Haygood ties all of those threads together with the rapidly shifting political and social forces of the time, albeit by employing what becomes an increasingly awkward conceit, trying to interlace the story of Robinson (born Walker Smith Jr.) with those of the poet Langston Hughes, the jazz trumpeter Miles Davis, and the singer/actress Lena Horne. While the four were contemporaries, and while they certainly crossed paths - Davis, especially, loved the fights and loved Robinson - the connections soon begin to seem laboured and unconvincing, and the tangents badly bog down the main narrative.









(And for all of the attempts to link Robinson to his times, to find the place where sport and the larger culture intertwine, where's the most obvious one? At exactly the same time as Robinson was rising to prominence, both as a fighter and as an entrepreneur - his businesses at one point filled an entire block in Harlem - Jackie Robinson was breaking baseball's colour barrier across town with the Brooklyn Dodgers. And yet the baseball Robinson is limited to just two passing mentions in more than 400 pages.)

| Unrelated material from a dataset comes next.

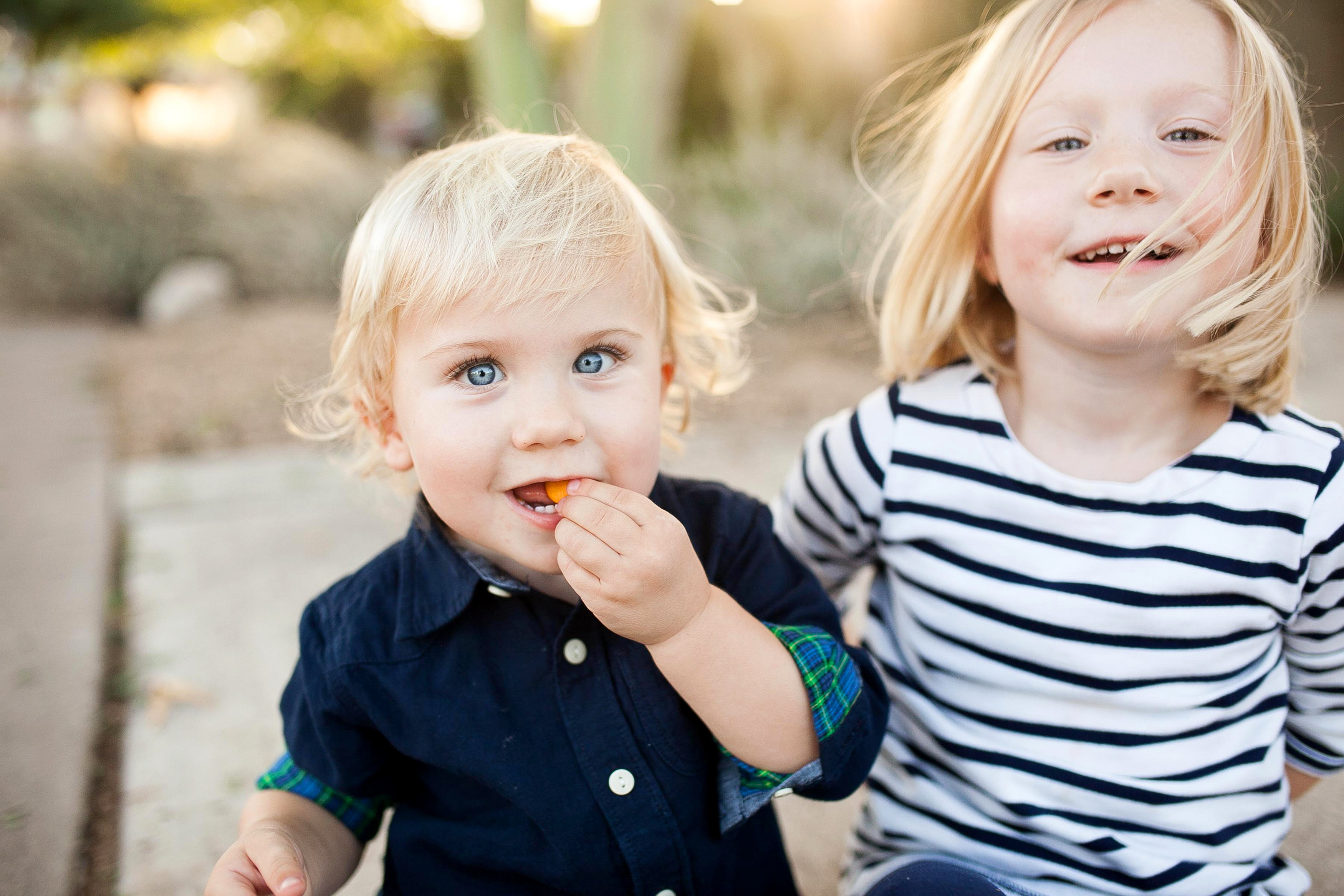 Cousins being cute in matching jammies.

Haygood's prose is highly-stylized, with a self-conscious, jazzy rhythm, and it soars in places. At other times it seems florid, overwrought, repetitive, and in need of a good edit (for instance, nearly every mention of Robinson's first wife, Edna Mae - and there are a whole lot of them - includes the reminder that she was "lovely").

But the most glaring problems are two: Haygood doesn't write like someone with a genuine feel for the sport, inside the ring or out. His fight descriptions might satisfy those who think Rocky is realistic, but will irritate anyone who really knows boxing; and his passing references to the mob-influenced International Boxing Club, which largely controlled the sport during Robinson's career, are far less authoritative than they ought to be.

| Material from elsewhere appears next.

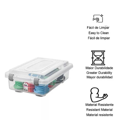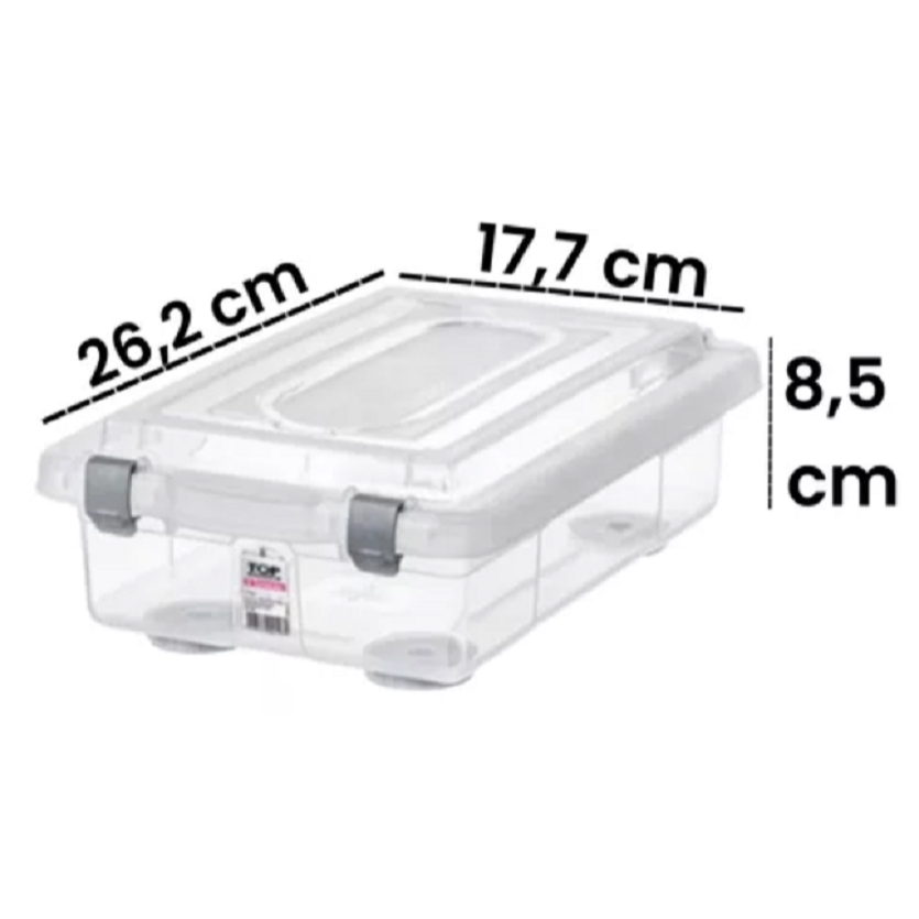 Caixa Organizadora Top Stok Baixo 2,3 Litros Cristal Transparente Casa Organizada

And more significantly, his subject seems forever illusive, stylish, skilled, handsome and all, but where is Robinson's beating heart, what made him tick, where are the humanizing flaws? Haygood never met Robinson (who died after a long battle with Alzheimer's - perhaps boxing related - in 1989) and relies heavily on press clippings, including making good use of the African American newspapers of the time, like the Chicago Defender. He did talk to people who were close to Robinson, but he certainly hasn't talked to all of them (a boxing person immediately notices the absence of Don Elbaum, one of the sport's great characters, who was the "boy promoter" during the final, sad stages of Robinson's career, and who is still very much alive and active in the game) and most of those quoted directly seem peripheral to the story. The book feels very much as though it were researched in a library, and not in the gym.

There are two other essential texts when it comes to Robinson's life and art (in addition to a handful of minor memoirs from those who knew him): Dave Anderson's excellent - especially given the genre - as-told-to biography Sugar Ray, published in 1970, and of course A.J. Liebling's descriptions of Robinson the fighter, most famously in the compilation The Sweet Science.

Only by reading those volumes and then reading Haygood is justice done to one of the major sports figures of the 20th Century, now largely forgotten outside of the ever shrinking circle that follows and loves the fights.

Stephen Brunt is a sports columnist with the Globe and Mail.